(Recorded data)
------------------------------------

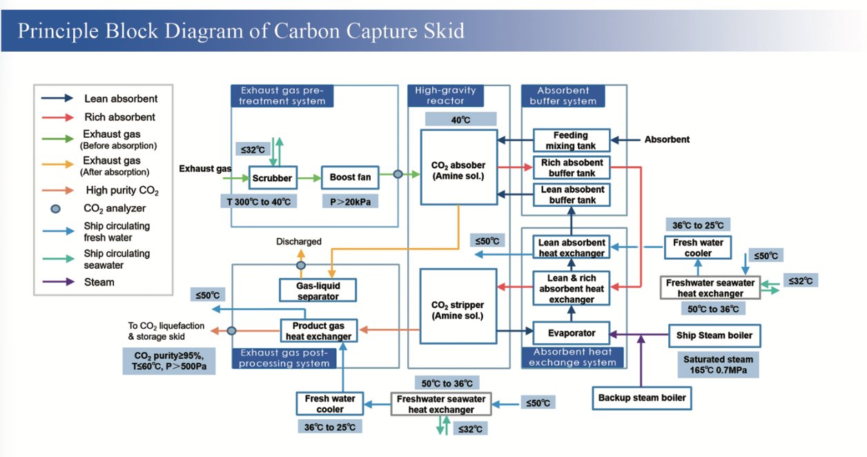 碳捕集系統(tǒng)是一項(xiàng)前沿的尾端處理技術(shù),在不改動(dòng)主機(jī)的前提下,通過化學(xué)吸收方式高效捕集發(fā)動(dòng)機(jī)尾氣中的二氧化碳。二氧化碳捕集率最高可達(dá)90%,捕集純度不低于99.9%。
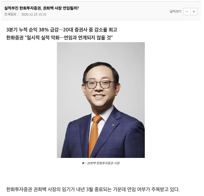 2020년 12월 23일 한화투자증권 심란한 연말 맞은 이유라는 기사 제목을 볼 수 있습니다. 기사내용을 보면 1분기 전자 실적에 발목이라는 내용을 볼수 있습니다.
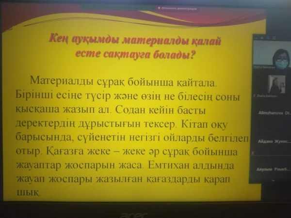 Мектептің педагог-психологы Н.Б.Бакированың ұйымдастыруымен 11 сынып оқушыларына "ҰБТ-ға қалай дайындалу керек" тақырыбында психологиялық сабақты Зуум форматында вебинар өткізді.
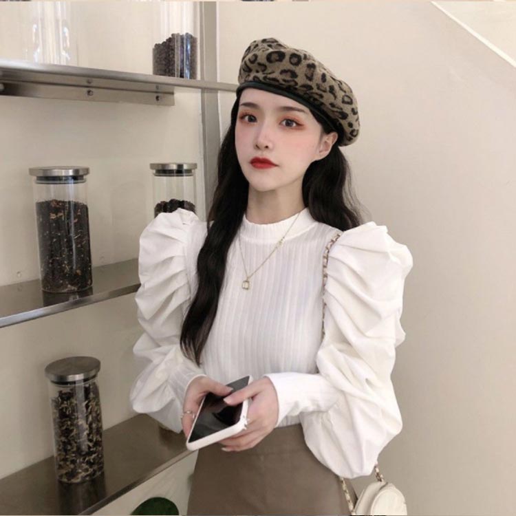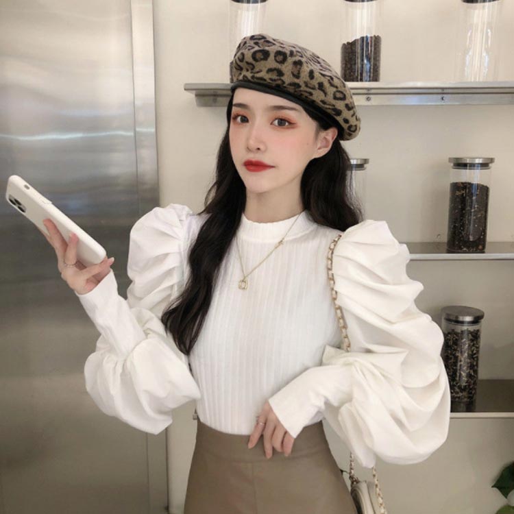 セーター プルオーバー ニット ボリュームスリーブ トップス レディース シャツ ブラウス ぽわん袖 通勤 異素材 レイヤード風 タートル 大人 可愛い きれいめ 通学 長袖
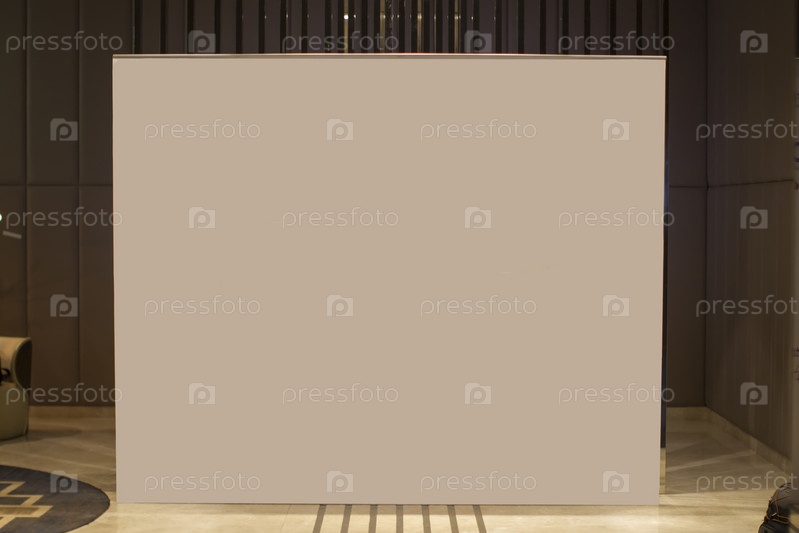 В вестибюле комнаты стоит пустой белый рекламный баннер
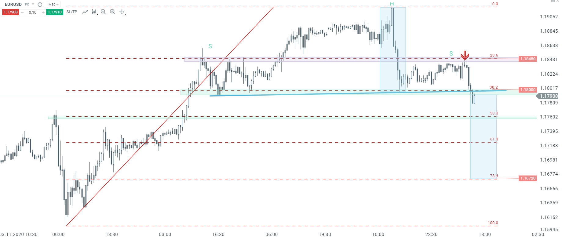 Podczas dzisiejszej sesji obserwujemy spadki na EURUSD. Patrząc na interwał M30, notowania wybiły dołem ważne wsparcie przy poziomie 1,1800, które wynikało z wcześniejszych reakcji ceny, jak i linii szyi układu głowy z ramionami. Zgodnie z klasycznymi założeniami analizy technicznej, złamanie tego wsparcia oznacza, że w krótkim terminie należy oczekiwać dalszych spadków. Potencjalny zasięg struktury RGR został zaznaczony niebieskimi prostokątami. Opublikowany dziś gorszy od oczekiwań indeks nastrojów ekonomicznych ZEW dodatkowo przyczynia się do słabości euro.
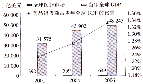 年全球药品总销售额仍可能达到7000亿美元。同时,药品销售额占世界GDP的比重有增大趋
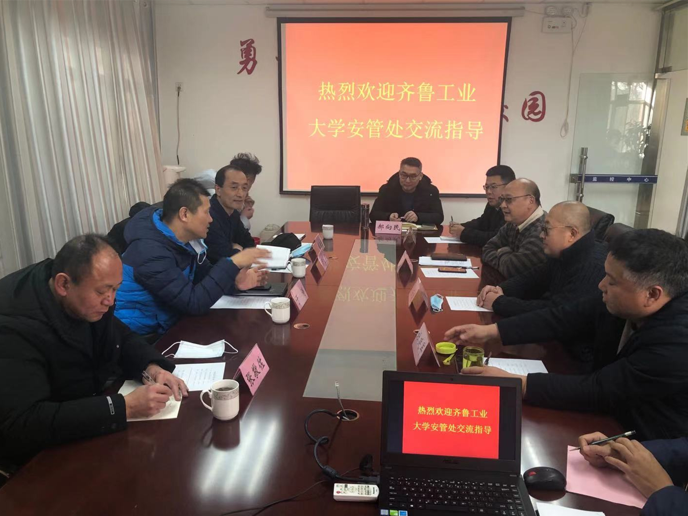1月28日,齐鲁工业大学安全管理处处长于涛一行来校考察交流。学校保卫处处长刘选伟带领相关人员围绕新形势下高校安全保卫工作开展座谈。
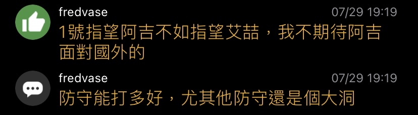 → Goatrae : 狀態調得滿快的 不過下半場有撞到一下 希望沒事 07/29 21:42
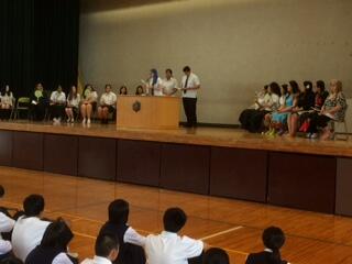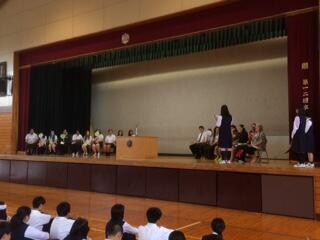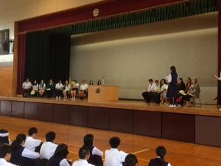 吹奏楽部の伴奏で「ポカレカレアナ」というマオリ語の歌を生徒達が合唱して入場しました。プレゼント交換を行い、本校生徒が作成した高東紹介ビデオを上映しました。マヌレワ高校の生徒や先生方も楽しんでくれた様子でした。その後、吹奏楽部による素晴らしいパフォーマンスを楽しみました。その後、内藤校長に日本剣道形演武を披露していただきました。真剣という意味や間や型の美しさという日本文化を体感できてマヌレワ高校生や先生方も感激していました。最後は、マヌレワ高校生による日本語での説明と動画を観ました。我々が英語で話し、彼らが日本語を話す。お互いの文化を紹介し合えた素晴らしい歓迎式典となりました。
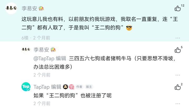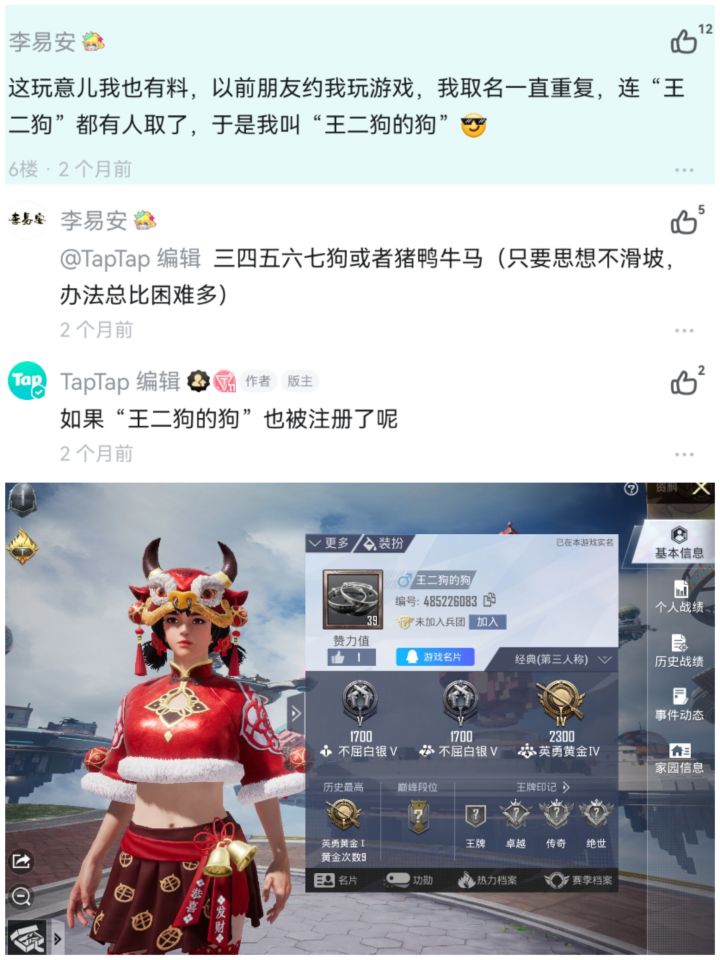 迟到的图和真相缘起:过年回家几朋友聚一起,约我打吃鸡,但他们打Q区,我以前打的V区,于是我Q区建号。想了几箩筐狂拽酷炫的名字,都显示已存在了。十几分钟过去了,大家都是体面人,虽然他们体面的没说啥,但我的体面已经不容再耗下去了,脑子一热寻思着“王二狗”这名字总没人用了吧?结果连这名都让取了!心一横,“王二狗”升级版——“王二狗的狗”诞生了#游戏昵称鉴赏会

------------------------------------

- [AIM OF THE TASK]:
Each line from the start of the entries through the line with "Мектептің педагог-психологы Н.Б.Бакированың" is to be restated exactly, and the pictures are to be skipped.

- [SOLUTION FOR THIS PROBLEM]:
 碳捕集系統(tǒng)是一項(xiàng)前沿的尾端處理技術(shù),在不改動(dòng)主機(jī)的前提下,通過化學(xué)吸收方式高效捕集發(fā)動(dòng)機(jī)尾氣中的二氧化碳。二氧化碳捕集率最高可達(dá)90%,捕集純度不低于99.9%。
 2020년 12월 23일 한화투자증권 심란한 연말 맞은 이유라는 기사 제목을 볼 수 있습니다. 기사내용을 보면 1분기 전자 실적에 발목이라는 내용을 볼수 있습니다.
 Мектептің педагог-психологы Н.Б.Бакированың ұйымдастыруымен 11 сынып оқушыларына "ҰБТ-ға қалай дайындалу керек" тақырыбында психологиялық сабақты Зуум форматында вебинар өткізді.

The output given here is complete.